Honestly, I think that work-stealing is just really not that great for distributing those kinds of loops across cores, at least when programmed in linear fashion. This is a result of a few factors:
- idle workers choose targets to steal from randomly
- all the jobs are on a single worker's queue
- steal operations are expensive (requiring a few atomic operations and a full memory barrier)
Recursive work splitting leads to any stolen jobs creating new jobs on the thief's queue, so jobs are better spread out across cores and less time is wasted on steal operations. Rayon uses recursive splitting underneath the hood in its parallel iterators, and I've been toying with the idea of a similar abstraction for jobsteal
.
The whole scope
API is vaguely misleading in the above sense, since it makes using the pool sub-optimally extremely simple, so it might be for the best if that were removed altogether and replaced with something equally ergonomic but more sensible.
Thanks for the quick response ;-) My 'repro case' is a bit unwieldy because it's a program written in two different languages. I forgot to mention it in the original bug report, but there is a branch called jobsteal which has the changes vs scoped_threadpool. I think you're probably right and my use case is too simplistic for a work stealing system to make sense. I just need some basic OpenMP type, statically scheduled data parallelism.
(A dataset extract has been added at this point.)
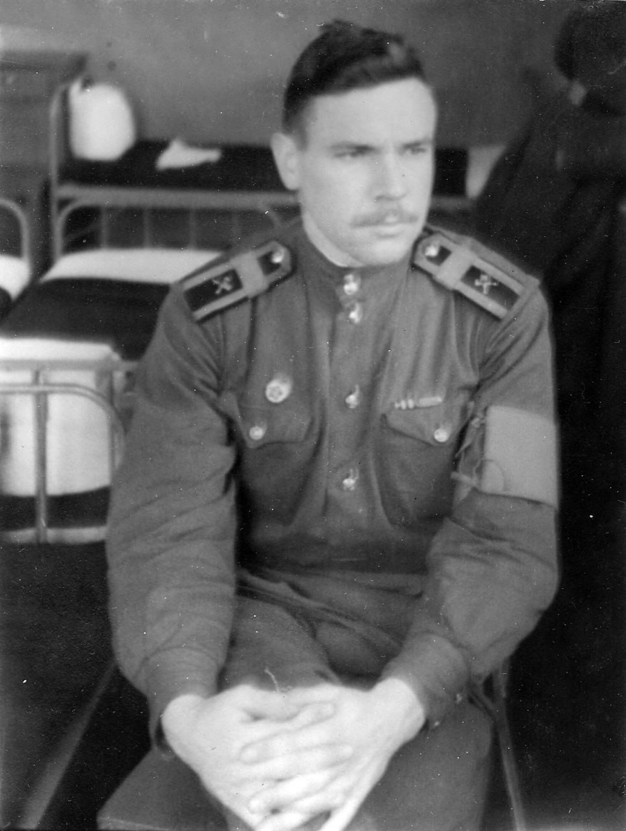 Старший сержант Ленинградского высшего военно-топографического командного училища в гимнастерке со съемными погонами образца 1943 года
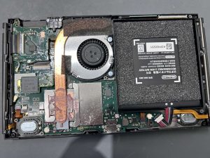 よくみる緑色の基板や、写真右側には大きなバッテリー、そして真ん中に見えるのが今回交換修理を行う冷却ファン部分です。

I was testing against your jobsteal branch when I wrote my earlier posts. Also, the memory leak fix I mentioned in the above post has landed in 0.4.2
.
Your workload is probably fine for work-stealing, although having it statically scheduled would probably beat anything else -- this is more of a jobsteal API issue than anything else, but it hasn't necessarily come to the surface until now. Doing parallel-for naively, which the jobsteal API encourages, will really hurt work-stealing's efficiency. Although you could probably rewrite all your multithreaded code to operate in a fork-join manner, it would probably be a lot higher effort, especially once you throw in iterators like zip
. Rayon has the right idea here: emulate the iterator API and handle splitting at the bottom level.
On one hand, I feel like copying parallel iterators, since they'd work great with jobsteal. On the other hand, I'd probably feel bad about copying them, so I might be interested in coming up with a similar approach.
Ok, good news then ;-)
The rasterization code itself might benefit from dynamic scheduling to some degree as the workload per-tile is hard to predict. I had experimented with making it hierarchical, which would result into fork-join style parallelism.
I'll probably give Rayon a shot as well. I'd like to dive into writing my own concurrency primitives as well, but there's still a few things I'd need to learn about Rust before opening that can of worms...
I think the primary issue here (the memory leak) has been fixed. I've opened a new issue to discuss making jobsteal's API more friendly to the backing work-stealing scheduler.